POJ 3468 A Simple Problem with Integers(线段树 or 树状数组—区间求和，成段更新)

A Simple Problem with Integers

Time Limit: 5000MS		Memory Limit: 131072K
Total Submissions: 81443		Accepted: 25160
Case Time Limit: 2000MS

Description

You have N integers, A1, A2, ... , AN. You need to deal with two kinds of operations. One type
of operation is to add some given number to each number in a given interval. The other is to ask for the sum of numbers in a given interval.

Input

The first line contains two numbers N and Q. 1 ≤ N,Q ≤ 100000.

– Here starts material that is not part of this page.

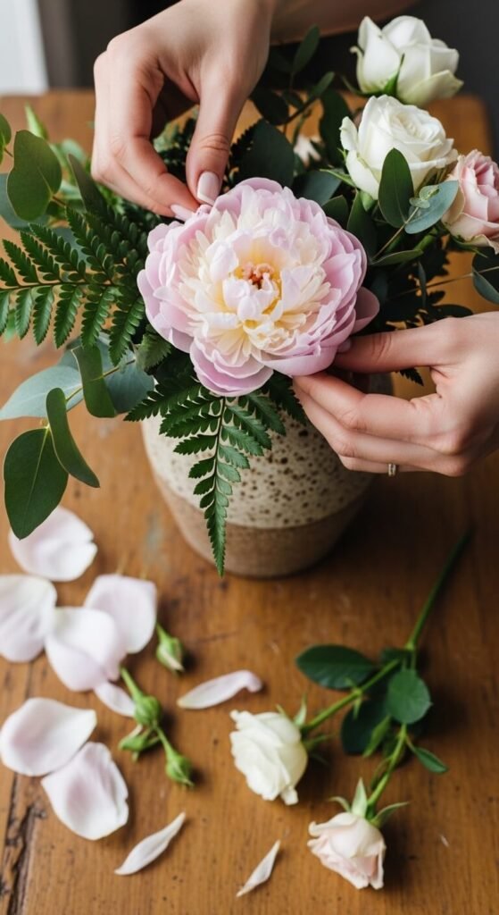 Step 2 — Add focal flowers. Position them at varying heights — don’t line them up at the same level. Odd numbers (3 or 5 blooms) look more natural than even groupings.
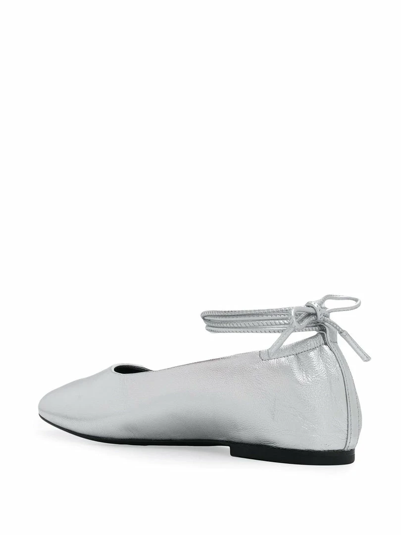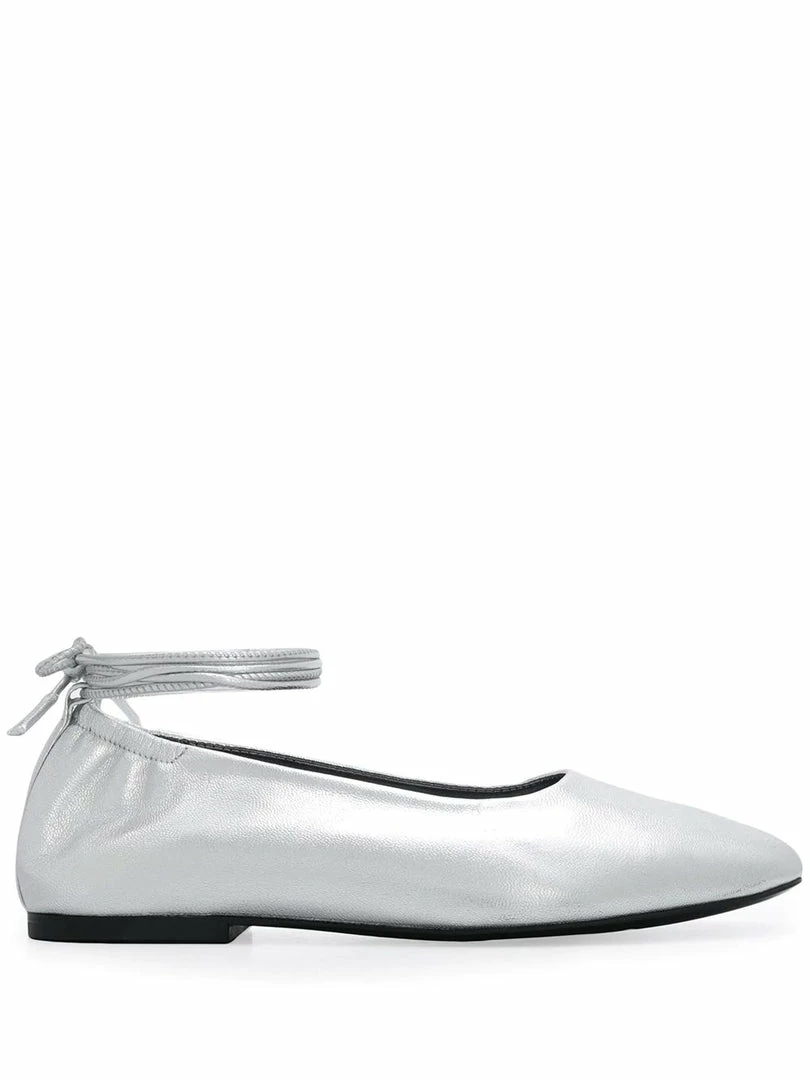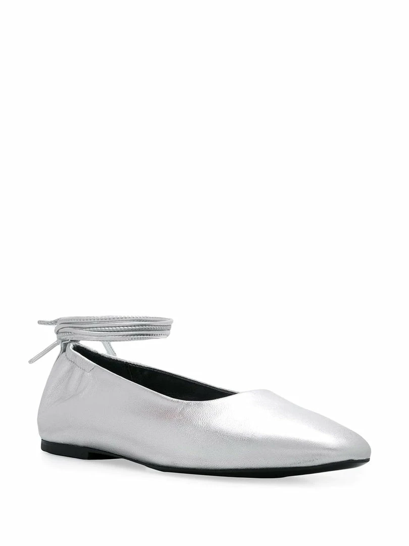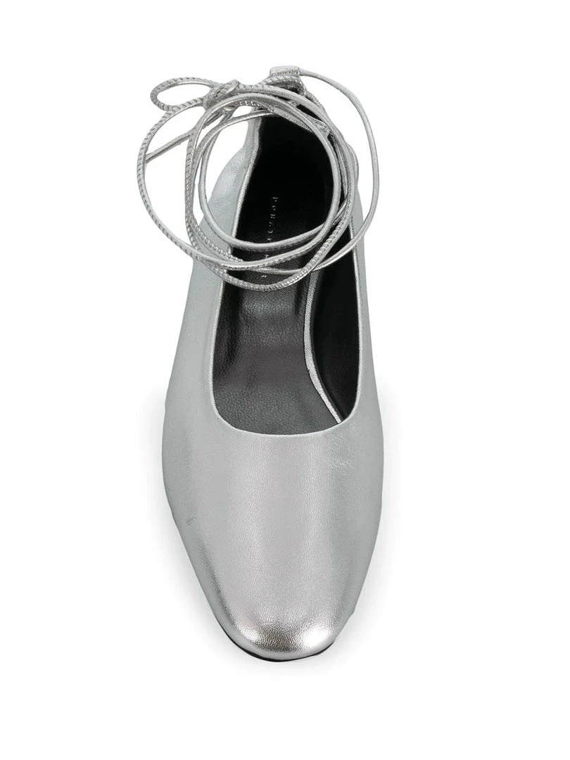 Dorateymur metallic ‘Ballerina Pumps’ featuring an almond shaped toe, a lace up ankle fastening, a branded insole and a flat heel. Item fits true to size.

The second line contains N numbers, the initial values of A1, A2, ... , AN. -1000000000 ≤ Ai ≤
1000000000.

Each of the next Q lines represents an operation.

"C a b c" means adding c to each of Aa, Aa+1, ... , Ab.
-10000 ≤ c ≤ 10000.

"Q a b" means querying the sum of Aa, Aa+1, ... , Ab.

Output

You need to answer all Q commands in order. One answer in a line.

Sample Input

10 5
1 2 3 4 5 6 7 8 9 10
Q 4 4
Q 1 10
Q 2 4
C 3 6 3
Q 2 4

Sample Output

4
55
9
15

题意：给出一个含有n个整数的数列，C a b c表示在数列中从第a个元素到第b个元素值都增加c，Q a b表示从第a个数到第b个数相加，并输出所得值。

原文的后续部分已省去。